## EXERCISE GOAL
Among the entries below, which lines run from the line with "A vivid oval-cut" through the line with "2022年9月1日(周四),ESG培训与交流(线上+线下)"? Retype those, both ends included, exactly and without pictures.

## DATASET EXTRACT
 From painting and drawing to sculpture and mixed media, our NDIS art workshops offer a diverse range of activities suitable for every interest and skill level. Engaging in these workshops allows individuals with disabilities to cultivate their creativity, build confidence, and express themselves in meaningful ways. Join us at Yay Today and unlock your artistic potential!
...
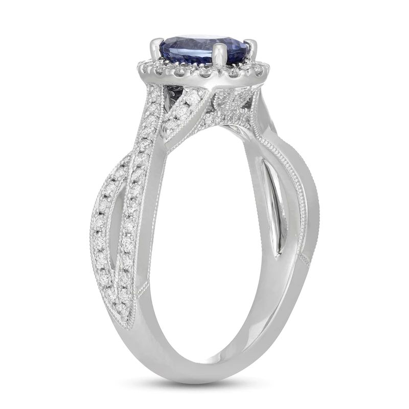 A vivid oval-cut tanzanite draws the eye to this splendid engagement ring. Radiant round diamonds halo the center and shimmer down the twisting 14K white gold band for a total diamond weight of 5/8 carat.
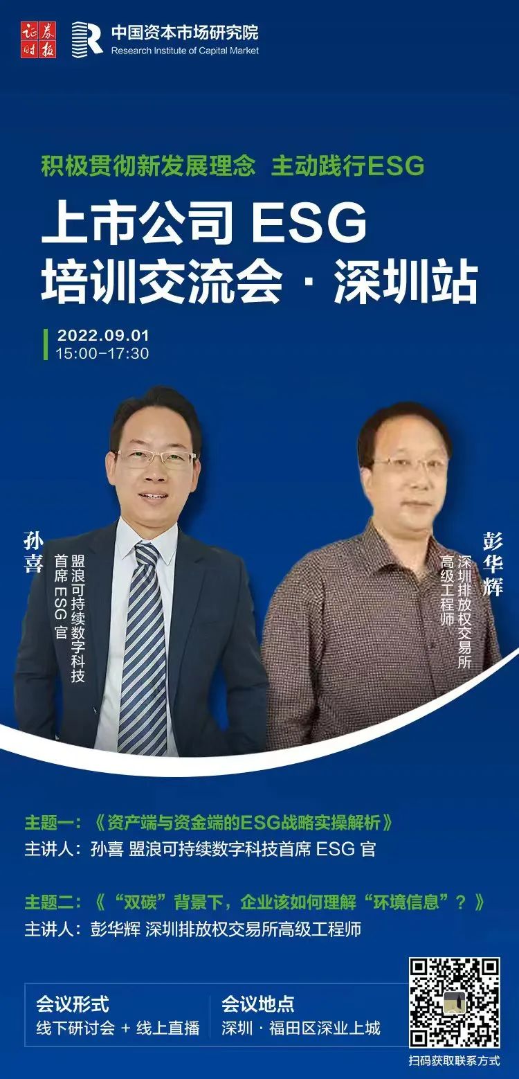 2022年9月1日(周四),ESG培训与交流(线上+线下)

## EXERCISE ANSWER
 A vivid oval-cut tanzanite draws the eye to this splendid engagement ring. Radiant round diamonds halo the center and shimmer down the twisting 14K white gold band for a total diamond weight of 5/8 carat.
 2022年9月1日(周四),ESG培训与交流(线上+线下)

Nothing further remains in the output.